Mackey shrugged. “No place else I can think of. And we’ll need to keep track of Henry.”

“This place could be chancy,” Williams said.

Parker said, “I know what you mean. No matter how good she is, they’ll think maybe there’s something wrong. They’ll send somebody here.”

“Not with a warrant,” Mackey said. “No time, and no excuse.”

Parker said, “No, just to eyeball it, while they’ve still got her there.” He nodded toward the front door. “So we’ll have to fix that, make it work again. If the beat cop comes around, looks in the windows, tries the doors, everything’s okay, then that’s it.

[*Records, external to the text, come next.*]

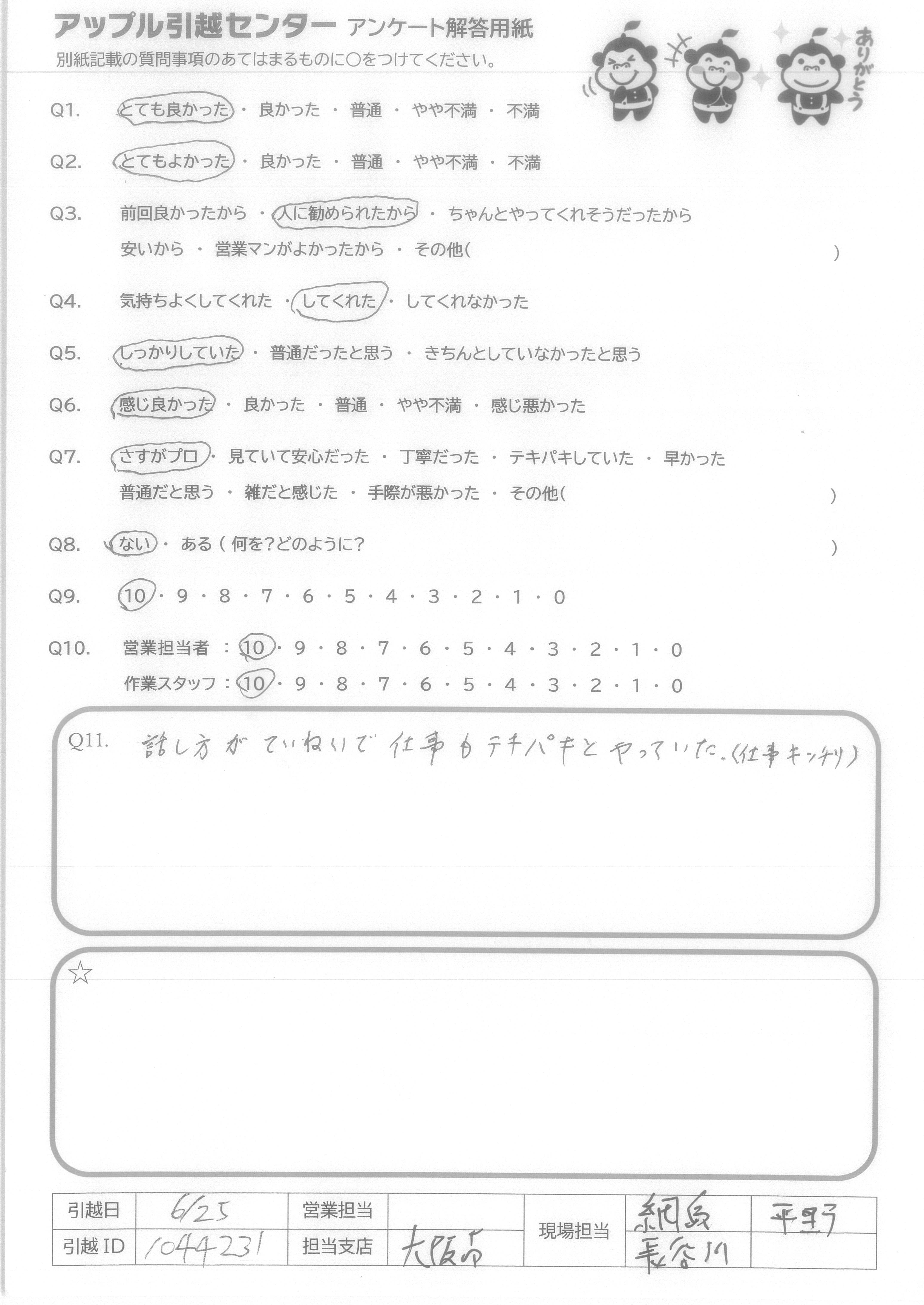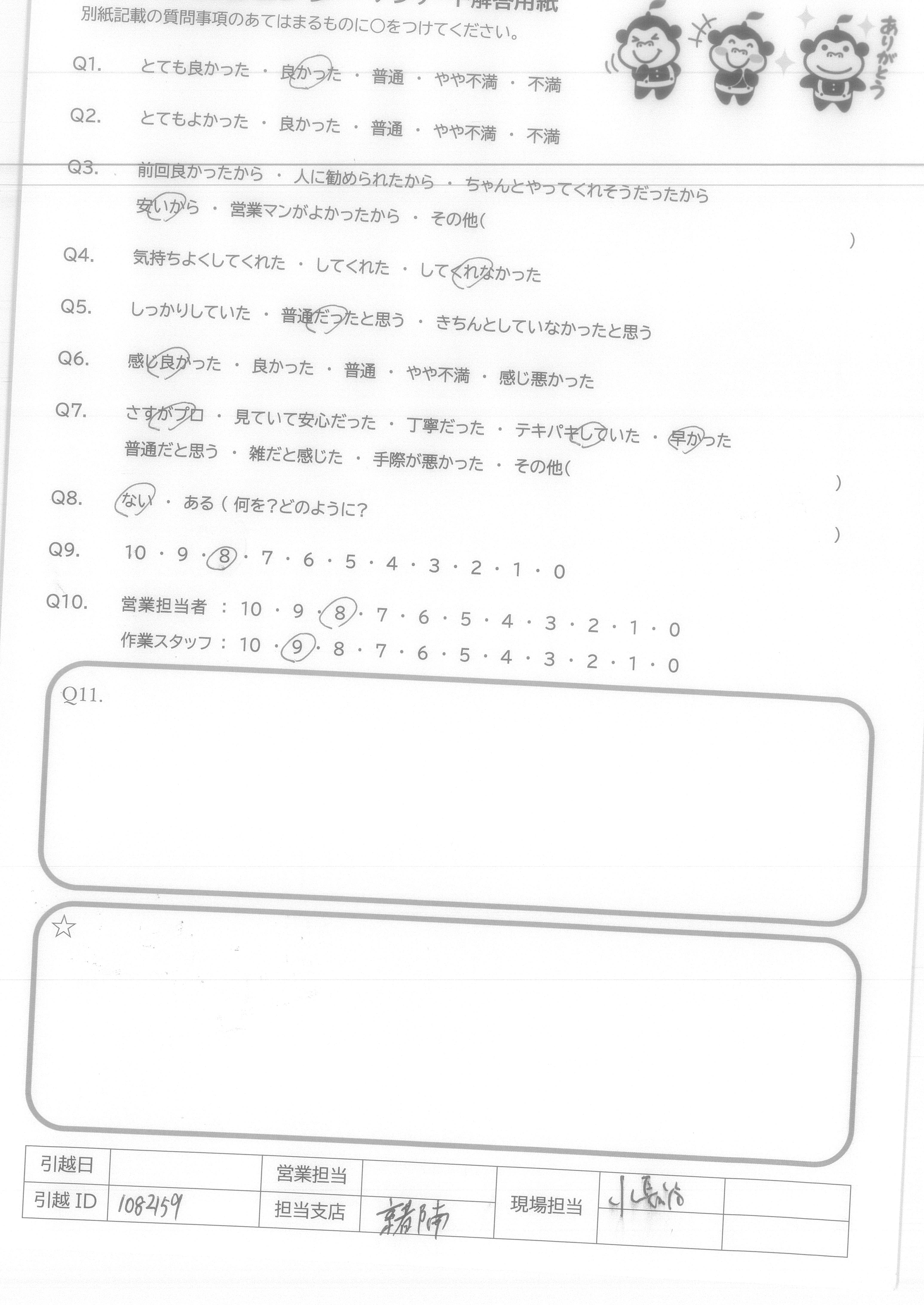 A.作業スタッフ:最初はベテランの方と若い方の人(前回他社)が来ると思ってたので若い方ばかりで不安だったのですが、こちらの意向を1つずつ丁寧に聞きながら、進めていただいて、それでいて作業の手際もよく、驚きました。又、引越先の管理人にも作業初めに挨拶をしてくれたとの事で、全てにおいて満足です。
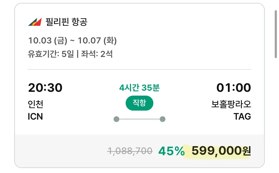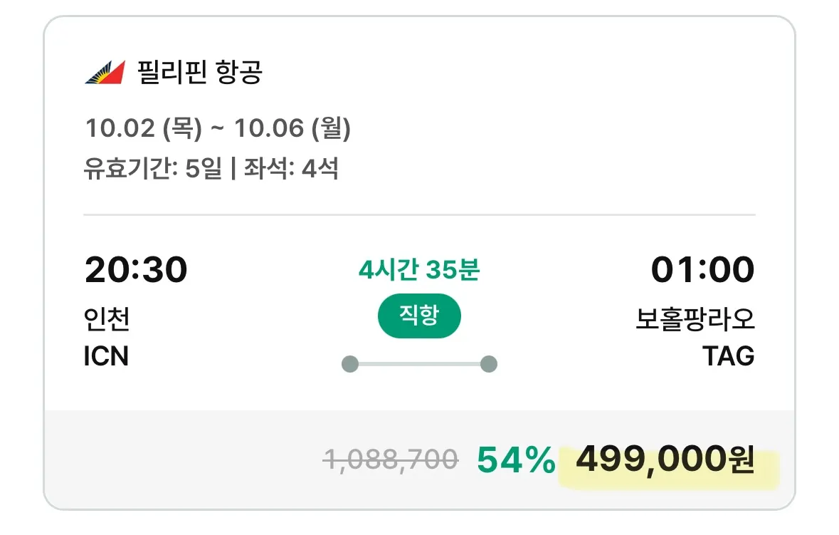 보홀: 10월 2일(목)부터 10월 6일(월)까지 49.9만 원으로 예약 가능합니다.
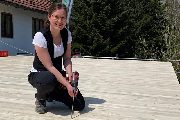 Die angehende Zimmerin Christina Hartl (17) kommt immer noch ins Schwärmen, wenn sie an die Baustelle während ihres Pflichtpraktikums denkt: „Auf dem Dach hat es mir sehr viel Spaß gemacht. Wir hatten eine super Aussicht auf die Berge und konnten über alles drüber schauen. Und von oben hat man die Wärme von der Sonne gespürt.“

But if a door’s unlocked, that’s suspicion, that’s probable cause, he’ll come right in.”

Williams said, “I’m gonna leave it all to you guys. You don’t need me any more, and I’m taking Henry’s car.”

Mackey laughed. “A step up from the Honda.”

“This time,” Williams said, “I’m getting out of this state.”

Parker said, “Switch all the cars around. Put ours in the garage, hers outside, then take off with his. That way, in the morning, she drives off, there’s no red Saab sitting there that nobody ever saw before.”

Williams nodded, grinning. “There’s always another detail, huh?”

“Sooner or later,” Parker said, “you get to them all.”

7

“I don’t think I can do it,” she said.

They were in the kitchen now, seated around the Formica table, because lights at the rear of the house wouldn’t draw as much attention. Henry, unshaven, brow creased with worry, wore a pale blue dress shirt, the trousers to a dark blue pinstripe suit, and black oxfords. Darlene was in a high-necked plain white blouse and severe long black skirt; apparently, what she intended to wear to the meeting this morning, a meeting that had now become something else, leaving her uncertain and afraid. She said, “How can I tell them I just changed my mind?”

“People do it all the time,” Mackey assured her.

Parker said, “You were hot, you were angry, but now you’re cooled off, now you don’t want to make trouble for somebody if she really didn’t do anything.”

“Which she didn’t,” Mackey said.

“But they’re going to look at me,” Darlene said. “They’re going to want to know why I changed my mind, and all I’ll be able to think about is you two back here, threatening Henry.”

Mackey turned to Henry. “Do you feel threatened?”

“Yes,” Henry said. He sounded surprised.

Mackey gave him his full attention. “Then let me ask you this,” he said. “What do you want Darlene to do?”

“I don’t want anyone to be hurt,” Henry said. “I don’t want anybody to be... ruined.”

“Henry,” Mackey said, “you’re a braver guy than you know you are. You risk ruin all the time, I know you do, and why? Because you love Darlene. You got your father the jewelry guy to cover for you tonight, because Darlene didn’t want to be alone after what happened to her dance studio. That was tough to ask him that, wasn’t it?”